Full Communism Is a Really Good Album, Research Time, 07/01/2016

I’m a bit of a left-wing guy, and freedom is my fundamental political value. I think you can figure that out if you have a look at pretty much anything I’ve written here in the last two and a half years.

But as far as a lot of the popular culture of the modern West goes – at least the loudest mouths and the major icons – freedom and the left don’t go together. Being left-wing today is popularly associated with hating freedom, wanting to control people, regulate them, determine every aspect of their existence. 

Seriously the best punk record I've heard in years.
This is the triumph of popular libertarianism. It’s the mass media and social media insurgency of the only Young Republicans who actually know how to party.

It’s why, on the first anniversary of Jack Layton’s death, G posted a memoriam caption with a photo of Vladimir Lenin.

Very simplified, without getting into the philosophical or media history.* This is the libertarian attack on the left, with two parts.

* Look through my archives for any of my posts discussing Friedrich Hayek. Kick around those for a while, and you’ll get a sense of the history. 

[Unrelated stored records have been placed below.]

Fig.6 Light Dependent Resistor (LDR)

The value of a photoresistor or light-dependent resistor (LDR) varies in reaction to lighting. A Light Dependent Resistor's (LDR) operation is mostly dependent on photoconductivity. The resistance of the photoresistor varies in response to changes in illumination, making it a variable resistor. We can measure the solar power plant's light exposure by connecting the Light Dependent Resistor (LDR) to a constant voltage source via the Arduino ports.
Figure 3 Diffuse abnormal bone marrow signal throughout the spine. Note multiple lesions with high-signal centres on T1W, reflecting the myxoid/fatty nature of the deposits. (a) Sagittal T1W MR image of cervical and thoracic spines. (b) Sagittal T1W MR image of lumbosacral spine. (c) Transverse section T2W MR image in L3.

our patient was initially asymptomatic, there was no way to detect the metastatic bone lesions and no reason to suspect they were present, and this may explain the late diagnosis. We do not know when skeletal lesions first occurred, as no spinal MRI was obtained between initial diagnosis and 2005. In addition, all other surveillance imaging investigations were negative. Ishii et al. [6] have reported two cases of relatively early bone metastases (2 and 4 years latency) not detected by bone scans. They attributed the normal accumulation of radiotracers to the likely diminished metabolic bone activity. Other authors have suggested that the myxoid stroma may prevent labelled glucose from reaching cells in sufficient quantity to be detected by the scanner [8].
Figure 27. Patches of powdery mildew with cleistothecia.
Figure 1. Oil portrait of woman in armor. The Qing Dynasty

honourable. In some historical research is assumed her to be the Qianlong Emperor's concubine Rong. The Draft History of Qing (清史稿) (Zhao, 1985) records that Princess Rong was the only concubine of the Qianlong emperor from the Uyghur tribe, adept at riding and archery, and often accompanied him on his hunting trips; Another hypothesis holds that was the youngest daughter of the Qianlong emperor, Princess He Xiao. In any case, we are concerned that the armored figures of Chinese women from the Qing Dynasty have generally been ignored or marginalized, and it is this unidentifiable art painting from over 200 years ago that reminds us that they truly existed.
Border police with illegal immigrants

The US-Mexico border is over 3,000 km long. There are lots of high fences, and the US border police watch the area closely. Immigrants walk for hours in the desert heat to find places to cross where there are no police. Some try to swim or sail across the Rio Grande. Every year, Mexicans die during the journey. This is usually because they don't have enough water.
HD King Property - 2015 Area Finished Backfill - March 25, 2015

Part One: All leftists are the same, and ultimately want the same thing, which is total state control of the economy and people’s daily lives. Part Two: The ultimate endgame of that political goal is the Full Hitler and the Full Stalin.

There have been, over the years, some left-wing folks who actually have thought that total control of the economy and citizens’ lives through the state bureaucracy was a good thing. Because the state is the culmination of the people’s existence,** state ownership and control is the same as public ownership and control.

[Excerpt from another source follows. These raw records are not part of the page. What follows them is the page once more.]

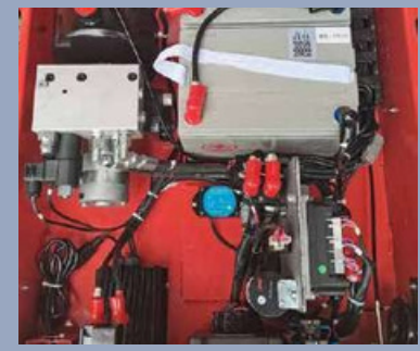
The parts are well located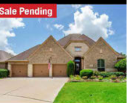
Sale Pending Weston Lakes 32730 Wingfoot Cr. 3/2 & 2 1/2 1.5 Story Home set on a Golf Course Setting. Stunning details throughout! $425,000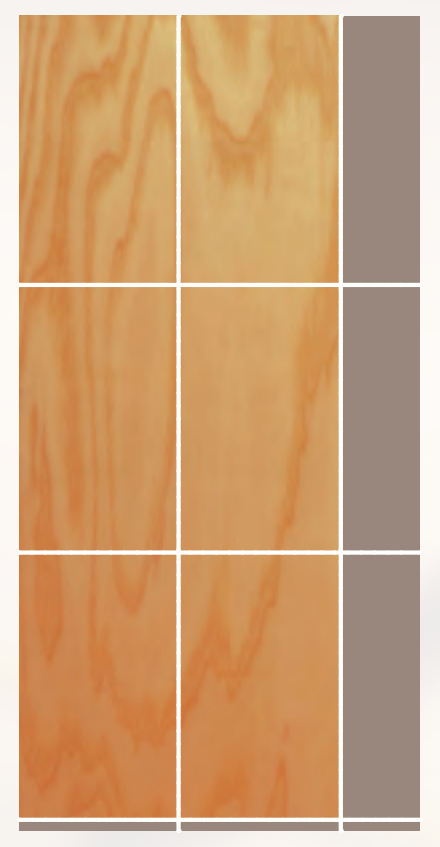
Standard 79% yield 4'x8' panel

What greater yields really mean. This illustration is an example of increased yields for a 19 1/4" x 31 5/8" component utilizing a 5' x 8' panel. If 1,700 pieces were required, 284 four-foot panels would be used vs. 189 five-foot panels. That's 95 fewer panels to handle with a 16% improvement in yield.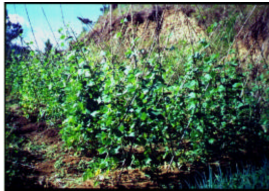
Plate 2. Demo farm in Egan, Tadian, Mountain Province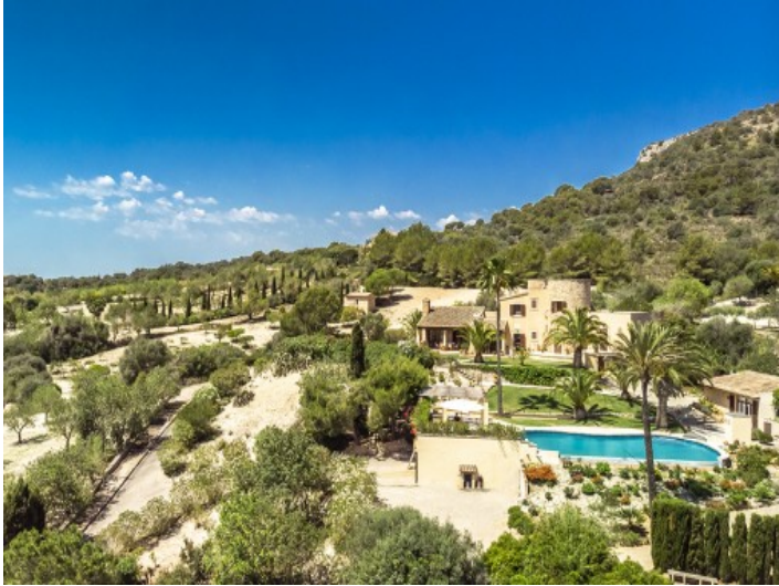
Bird's eye view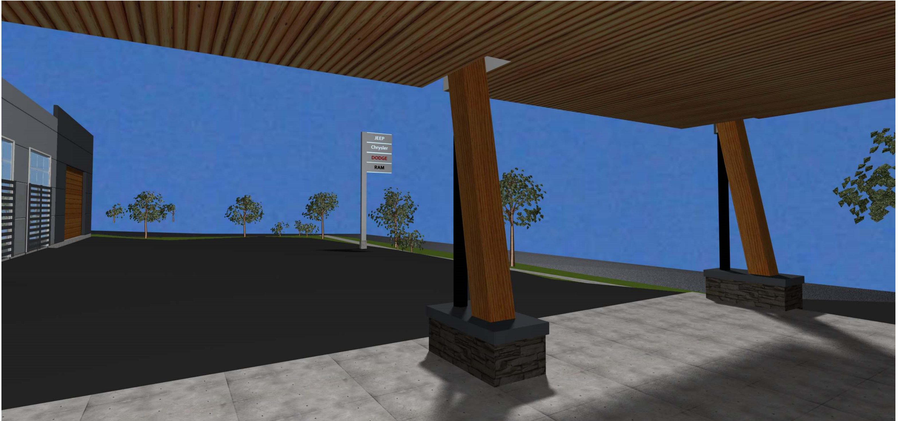
FRESH AIR SHOWROOM IMAGE

Those people largely don’t exist anymore. Either they changed their mind, or they’ve died. Younger people on the left don’t even think according to this right=freedom / left=control axis anymore, because it doesn’t really make much sense. 

What’s more, this dichotomy, which most popular libertarians today believe is complete and has no real exceptions, is false. My hardcore libertarian friends used to tell me that, because I was against state control of people’s lives, I should also be a right-wing libertarian.

But that way of thinking doesn’t understand a left-wing tradition that’s much more profound and powerful than state-centric communism. This tradition and its ideas become very clear when you read Antonio Negri.

As much as Terry Gilliam's Brazil is a masterpiece, I
can't help but find it a little suspicious that this massive,
expensive art film about the oppressive power of state
bureaucracy was greenlit in the middle of the Reagan
and Thatcher years, when opposition to state control of
everyday life was popularly interpreted as the embrace
of new liberal, trickle-down, low-tax, unregulated free
market economics and all their resulting effects.
Here’s how the argument goes. Institutions are about control, and the state is the most powerful control institution that’s ever been built. The natural state of humans, though, is contrarian. We strain at even the most subtle chains as soon as we realize we’re wearing them. 

The true universal of human politics is “Fuck you, I won’t do what you tell me!

This is why states can only function without oppression by being democratic. The people need to have as many avenues as possible to turn bureaucracy, politicians, police, and other state control institutions to heel. Our political leaders can’t start thinking that they’re our boss – they work for us.

The communist revolutions of 19th century Europe were about overthrowing monarchs – the kings of Germany, France, Italy, Russia, France, Austria, and possibly also France again. In democratic countries, it was about loosening the state from the more subtle control of longtime elites and big business oligarchs.

Institutions that control the people would be replaced by institutions that governed through local councils and community organizations. It was supposed to be a kind of super-federalism.

Then when a communist revolution actually succeeded, they ended up buying into the oppressive power of their new state institution instead of dismantling it. In Lenin’s years, he turned the state against opposition to his rule, having to use horrifying violence to oppress his enemies. 

Stalin’s priorities, after taking over the Soviet state, were never about people power, but about becoming the most powerful state ever. Stalin’s state was the most powerful, violent, shocking, comprehensive, intense, horrifying overcoding of hundreds of millions of wills with the will of one man.

State-centric communism was counter-revolutionary. Humanity’s revolutionary power is always about freeing ourselves. My leftism is about freeing ourselves.